Am I Even Me
The Ship of Theseus walked indoors — a philosopher's question turned personal, and the only answer that finally holds.
The Story
This song began somewhere between philosophy and prayer.
I found myself thinking about the ancient Ship of Theseus thought experiment — the question of whether something remains the same thing after every part of it has been slowly replaced over time.
If a ship has every plank replaced one by one until none of the original material remains, is it still the same ship?
The older I get, the more personal that question feels. Every year changes us a little. Memory shifts. Priorities shift. Even the person staring back from the mirror can start to feel like someone you once knew rather than someone you fully understand.
There’s also a strange mystery to being human at all. Everything I experience comes through imperfect senses and a restless mind trying to make sense of the world around it. Sometimes that leaves me feeling like a frightened but curious poet — standing in awe of existence while quietly wondering if any of us truly understand ourselves.

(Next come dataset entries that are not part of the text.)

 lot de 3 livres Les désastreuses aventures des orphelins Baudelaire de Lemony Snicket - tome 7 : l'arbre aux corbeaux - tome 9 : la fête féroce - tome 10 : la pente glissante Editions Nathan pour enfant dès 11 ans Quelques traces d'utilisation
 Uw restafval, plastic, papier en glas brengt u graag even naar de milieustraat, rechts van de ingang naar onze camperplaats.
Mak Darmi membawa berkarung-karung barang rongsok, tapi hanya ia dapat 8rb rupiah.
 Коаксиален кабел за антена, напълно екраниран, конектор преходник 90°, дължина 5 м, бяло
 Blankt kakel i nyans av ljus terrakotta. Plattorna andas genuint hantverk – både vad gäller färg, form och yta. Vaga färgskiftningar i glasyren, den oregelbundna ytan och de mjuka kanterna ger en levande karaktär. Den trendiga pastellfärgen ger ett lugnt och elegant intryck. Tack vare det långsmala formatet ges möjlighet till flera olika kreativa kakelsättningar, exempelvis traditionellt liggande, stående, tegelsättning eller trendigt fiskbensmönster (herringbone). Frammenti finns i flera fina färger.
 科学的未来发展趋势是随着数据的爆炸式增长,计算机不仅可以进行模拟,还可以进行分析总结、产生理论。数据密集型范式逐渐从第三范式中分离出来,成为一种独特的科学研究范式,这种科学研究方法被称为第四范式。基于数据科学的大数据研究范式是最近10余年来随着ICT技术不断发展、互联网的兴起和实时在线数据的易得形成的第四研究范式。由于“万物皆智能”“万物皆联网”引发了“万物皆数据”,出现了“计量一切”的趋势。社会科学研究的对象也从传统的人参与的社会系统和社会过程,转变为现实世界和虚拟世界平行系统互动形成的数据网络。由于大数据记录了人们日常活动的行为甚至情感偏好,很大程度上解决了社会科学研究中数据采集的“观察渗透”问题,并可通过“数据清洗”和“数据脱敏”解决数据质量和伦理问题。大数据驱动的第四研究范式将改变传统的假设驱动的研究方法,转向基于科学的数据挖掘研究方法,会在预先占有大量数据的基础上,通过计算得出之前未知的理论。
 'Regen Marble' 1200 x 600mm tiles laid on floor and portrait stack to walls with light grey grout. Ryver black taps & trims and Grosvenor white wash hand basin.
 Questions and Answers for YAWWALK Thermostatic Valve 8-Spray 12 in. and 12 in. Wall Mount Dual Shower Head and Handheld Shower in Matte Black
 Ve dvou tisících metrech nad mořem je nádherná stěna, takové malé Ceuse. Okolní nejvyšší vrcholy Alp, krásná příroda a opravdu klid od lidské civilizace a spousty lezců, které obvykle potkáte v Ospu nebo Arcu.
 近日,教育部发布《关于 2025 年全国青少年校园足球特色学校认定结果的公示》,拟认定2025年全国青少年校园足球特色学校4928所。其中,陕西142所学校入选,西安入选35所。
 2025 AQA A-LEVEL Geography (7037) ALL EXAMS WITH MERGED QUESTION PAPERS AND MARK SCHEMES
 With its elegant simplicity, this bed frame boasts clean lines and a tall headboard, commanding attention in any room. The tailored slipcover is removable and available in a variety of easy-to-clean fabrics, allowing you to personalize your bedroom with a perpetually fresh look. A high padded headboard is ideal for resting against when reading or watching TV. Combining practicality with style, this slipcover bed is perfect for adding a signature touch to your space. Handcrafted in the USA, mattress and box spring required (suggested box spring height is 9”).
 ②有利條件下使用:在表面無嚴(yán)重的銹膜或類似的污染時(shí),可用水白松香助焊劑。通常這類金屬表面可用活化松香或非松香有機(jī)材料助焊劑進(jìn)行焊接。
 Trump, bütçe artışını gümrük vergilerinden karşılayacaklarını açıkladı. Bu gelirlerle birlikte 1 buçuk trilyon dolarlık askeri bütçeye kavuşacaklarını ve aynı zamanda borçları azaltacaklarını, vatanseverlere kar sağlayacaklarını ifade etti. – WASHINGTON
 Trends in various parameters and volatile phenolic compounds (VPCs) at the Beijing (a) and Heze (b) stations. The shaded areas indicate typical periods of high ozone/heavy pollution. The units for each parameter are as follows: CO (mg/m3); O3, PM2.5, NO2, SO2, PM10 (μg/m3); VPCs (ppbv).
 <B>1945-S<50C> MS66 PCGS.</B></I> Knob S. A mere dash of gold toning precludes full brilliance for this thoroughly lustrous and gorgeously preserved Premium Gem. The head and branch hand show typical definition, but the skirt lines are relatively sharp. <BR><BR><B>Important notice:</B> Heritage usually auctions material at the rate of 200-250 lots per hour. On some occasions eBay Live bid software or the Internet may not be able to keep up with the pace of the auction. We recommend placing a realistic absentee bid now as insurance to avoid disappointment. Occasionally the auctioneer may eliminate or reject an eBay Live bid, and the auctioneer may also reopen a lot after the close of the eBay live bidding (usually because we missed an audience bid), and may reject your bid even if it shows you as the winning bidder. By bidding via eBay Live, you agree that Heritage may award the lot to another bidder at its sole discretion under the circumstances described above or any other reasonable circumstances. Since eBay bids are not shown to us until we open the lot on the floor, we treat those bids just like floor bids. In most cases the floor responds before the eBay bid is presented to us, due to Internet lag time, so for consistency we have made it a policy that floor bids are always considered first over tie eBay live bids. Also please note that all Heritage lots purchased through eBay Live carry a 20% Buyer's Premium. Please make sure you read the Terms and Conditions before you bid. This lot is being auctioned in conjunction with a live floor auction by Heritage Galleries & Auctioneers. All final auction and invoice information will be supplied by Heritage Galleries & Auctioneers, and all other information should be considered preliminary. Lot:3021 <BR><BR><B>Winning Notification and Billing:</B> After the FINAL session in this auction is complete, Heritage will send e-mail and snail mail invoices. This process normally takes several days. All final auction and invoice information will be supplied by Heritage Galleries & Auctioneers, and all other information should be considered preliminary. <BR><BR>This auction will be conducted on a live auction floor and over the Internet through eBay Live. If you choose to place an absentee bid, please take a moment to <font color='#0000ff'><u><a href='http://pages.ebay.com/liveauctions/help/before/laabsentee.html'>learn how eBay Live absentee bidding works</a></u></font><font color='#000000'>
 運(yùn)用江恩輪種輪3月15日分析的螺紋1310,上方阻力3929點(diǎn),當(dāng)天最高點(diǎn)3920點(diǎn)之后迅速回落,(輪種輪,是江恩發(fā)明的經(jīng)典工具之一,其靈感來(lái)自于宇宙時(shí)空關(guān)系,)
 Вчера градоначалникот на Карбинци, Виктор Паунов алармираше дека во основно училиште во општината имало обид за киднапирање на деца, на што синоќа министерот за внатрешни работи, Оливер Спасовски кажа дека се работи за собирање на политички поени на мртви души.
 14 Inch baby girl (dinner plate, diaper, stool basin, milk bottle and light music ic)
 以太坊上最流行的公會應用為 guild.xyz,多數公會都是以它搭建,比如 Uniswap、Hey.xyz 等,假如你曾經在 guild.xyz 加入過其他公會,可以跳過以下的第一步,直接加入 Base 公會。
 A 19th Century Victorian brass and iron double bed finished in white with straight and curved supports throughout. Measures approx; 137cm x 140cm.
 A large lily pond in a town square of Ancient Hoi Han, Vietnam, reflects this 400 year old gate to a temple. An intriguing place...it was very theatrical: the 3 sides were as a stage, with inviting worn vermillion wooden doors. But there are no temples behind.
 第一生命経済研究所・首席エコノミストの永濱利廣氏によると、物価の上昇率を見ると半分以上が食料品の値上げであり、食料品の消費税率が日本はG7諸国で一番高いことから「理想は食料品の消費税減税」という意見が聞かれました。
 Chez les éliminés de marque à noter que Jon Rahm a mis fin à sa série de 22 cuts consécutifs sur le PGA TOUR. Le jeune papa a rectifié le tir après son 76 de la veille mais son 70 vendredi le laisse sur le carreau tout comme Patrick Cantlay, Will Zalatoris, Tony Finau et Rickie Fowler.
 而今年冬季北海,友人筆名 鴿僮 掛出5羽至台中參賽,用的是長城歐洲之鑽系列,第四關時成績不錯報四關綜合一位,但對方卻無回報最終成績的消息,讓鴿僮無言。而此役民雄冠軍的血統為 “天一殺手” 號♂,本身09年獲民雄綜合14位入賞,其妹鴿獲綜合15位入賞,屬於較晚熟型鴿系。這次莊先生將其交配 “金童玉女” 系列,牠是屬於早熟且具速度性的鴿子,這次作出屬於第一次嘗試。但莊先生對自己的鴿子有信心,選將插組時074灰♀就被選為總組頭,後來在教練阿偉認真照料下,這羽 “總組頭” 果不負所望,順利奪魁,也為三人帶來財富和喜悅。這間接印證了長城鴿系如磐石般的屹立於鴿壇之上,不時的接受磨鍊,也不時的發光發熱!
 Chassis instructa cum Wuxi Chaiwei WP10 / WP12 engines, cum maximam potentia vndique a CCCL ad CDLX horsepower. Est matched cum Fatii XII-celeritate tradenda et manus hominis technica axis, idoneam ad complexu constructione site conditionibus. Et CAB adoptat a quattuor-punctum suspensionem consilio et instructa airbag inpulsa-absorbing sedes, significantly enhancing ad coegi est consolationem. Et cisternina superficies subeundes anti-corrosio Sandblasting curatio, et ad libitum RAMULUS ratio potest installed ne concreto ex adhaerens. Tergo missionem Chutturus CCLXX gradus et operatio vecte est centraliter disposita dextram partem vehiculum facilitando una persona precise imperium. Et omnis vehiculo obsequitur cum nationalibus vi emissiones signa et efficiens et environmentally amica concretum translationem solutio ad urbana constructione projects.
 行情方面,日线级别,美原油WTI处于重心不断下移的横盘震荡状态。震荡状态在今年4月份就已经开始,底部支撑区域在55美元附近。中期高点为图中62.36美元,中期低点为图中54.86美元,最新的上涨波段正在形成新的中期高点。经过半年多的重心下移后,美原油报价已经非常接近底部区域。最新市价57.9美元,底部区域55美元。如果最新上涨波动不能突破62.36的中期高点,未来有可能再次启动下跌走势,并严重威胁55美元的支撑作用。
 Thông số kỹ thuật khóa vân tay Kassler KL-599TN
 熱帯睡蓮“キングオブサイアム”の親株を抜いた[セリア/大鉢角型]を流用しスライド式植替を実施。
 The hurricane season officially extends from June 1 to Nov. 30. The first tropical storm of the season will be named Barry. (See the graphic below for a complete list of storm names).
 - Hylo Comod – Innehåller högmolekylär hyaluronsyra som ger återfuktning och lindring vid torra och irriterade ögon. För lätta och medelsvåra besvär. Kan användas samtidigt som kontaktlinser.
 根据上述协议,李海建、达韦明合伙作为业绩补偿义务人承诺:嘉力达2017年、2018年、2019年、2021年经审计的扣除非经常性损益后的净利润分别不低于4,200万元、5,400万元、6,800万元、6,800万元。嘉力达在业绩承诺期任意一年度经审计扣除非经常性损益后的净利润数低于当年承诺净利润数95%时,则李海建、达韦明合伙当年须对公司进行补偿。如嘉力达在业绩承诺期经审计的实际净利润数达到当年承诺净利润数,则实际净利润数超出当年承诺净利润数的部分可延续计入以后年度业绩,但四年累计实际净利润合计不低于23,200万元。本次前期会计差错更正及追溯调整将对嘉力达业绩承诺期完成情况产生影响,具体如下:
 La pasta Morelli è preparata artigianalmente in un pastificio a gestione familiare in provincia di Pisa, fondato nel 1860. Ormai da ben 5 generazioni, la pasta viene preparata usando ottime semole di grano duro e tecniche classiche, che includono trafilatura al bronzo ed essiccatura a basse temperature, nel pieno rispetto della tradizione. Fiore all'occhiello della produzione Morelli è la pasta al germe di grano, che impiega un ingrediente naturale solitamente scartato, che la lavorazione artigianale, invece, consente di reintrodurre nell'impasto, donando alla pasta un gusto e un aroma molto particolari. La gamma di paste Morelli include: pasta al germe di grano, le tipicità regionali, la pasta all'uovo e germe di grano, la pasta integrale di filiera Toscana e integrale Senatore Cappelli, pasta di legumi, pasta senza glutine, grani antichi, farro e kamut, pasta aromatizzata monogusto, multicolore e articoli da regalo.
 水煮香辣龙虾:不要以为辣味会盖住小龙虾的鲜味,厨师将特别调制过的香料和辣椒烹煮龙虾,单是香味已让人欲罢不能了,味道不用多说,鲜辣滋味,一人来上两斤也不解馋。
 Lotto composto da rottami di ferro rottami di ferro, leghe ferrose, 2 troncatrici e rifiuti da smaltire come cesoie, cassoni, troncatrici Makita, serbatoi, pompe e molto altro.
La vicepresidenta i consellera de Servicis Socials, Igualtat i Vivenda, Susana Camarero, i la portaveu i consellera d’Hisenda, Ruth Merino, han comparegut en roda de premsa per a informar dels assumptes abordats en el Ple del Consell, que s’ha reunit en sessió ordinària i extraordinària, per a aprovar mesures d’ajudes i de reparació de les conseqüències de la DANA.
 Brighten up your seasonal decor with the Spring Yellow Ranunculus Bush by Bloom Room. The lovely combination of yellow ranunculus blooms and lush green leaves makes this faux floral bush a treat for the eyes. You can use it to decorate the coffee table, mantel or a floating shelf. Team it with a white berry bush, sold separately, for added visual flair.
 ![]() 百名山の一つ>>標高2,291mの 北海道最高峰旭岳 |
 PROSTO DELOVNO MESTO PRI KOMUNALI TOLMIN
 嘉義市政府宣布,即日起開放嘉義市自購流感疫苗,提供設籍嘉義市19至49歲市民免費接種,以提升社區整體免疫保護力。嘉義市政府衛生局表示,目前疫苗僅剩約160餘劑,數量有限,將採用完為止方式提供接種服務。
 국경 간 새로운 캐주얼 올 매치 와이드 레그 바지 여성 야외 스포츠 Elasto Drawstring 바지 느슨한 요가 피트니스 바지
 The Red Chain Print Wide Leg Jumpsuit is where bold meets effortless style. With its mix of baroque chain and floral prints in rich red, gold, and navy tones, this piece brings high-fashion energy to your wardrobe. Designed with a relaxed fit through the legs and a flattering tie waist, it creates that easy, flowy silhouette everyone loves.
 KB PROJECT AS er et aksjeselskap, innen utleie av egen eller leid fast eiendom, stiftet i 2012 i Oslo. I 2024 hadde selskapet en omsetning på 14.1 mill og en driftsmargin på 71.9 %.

But underneath all the questions, the song lands on something simple. I may never fully solve who I am, but I know who I want to be to others. I want to love the people around me well. I want my life to leave warmth instead of wounds, encouragement instead of fear, and kindness that keeps echoing after I’m gone.
“Am I Even Me?” became less about identity and more about legacy. In the end, maybe the best measure of a life is not how much we gathered for ourselves, but whether we left more love in the world than we took from it.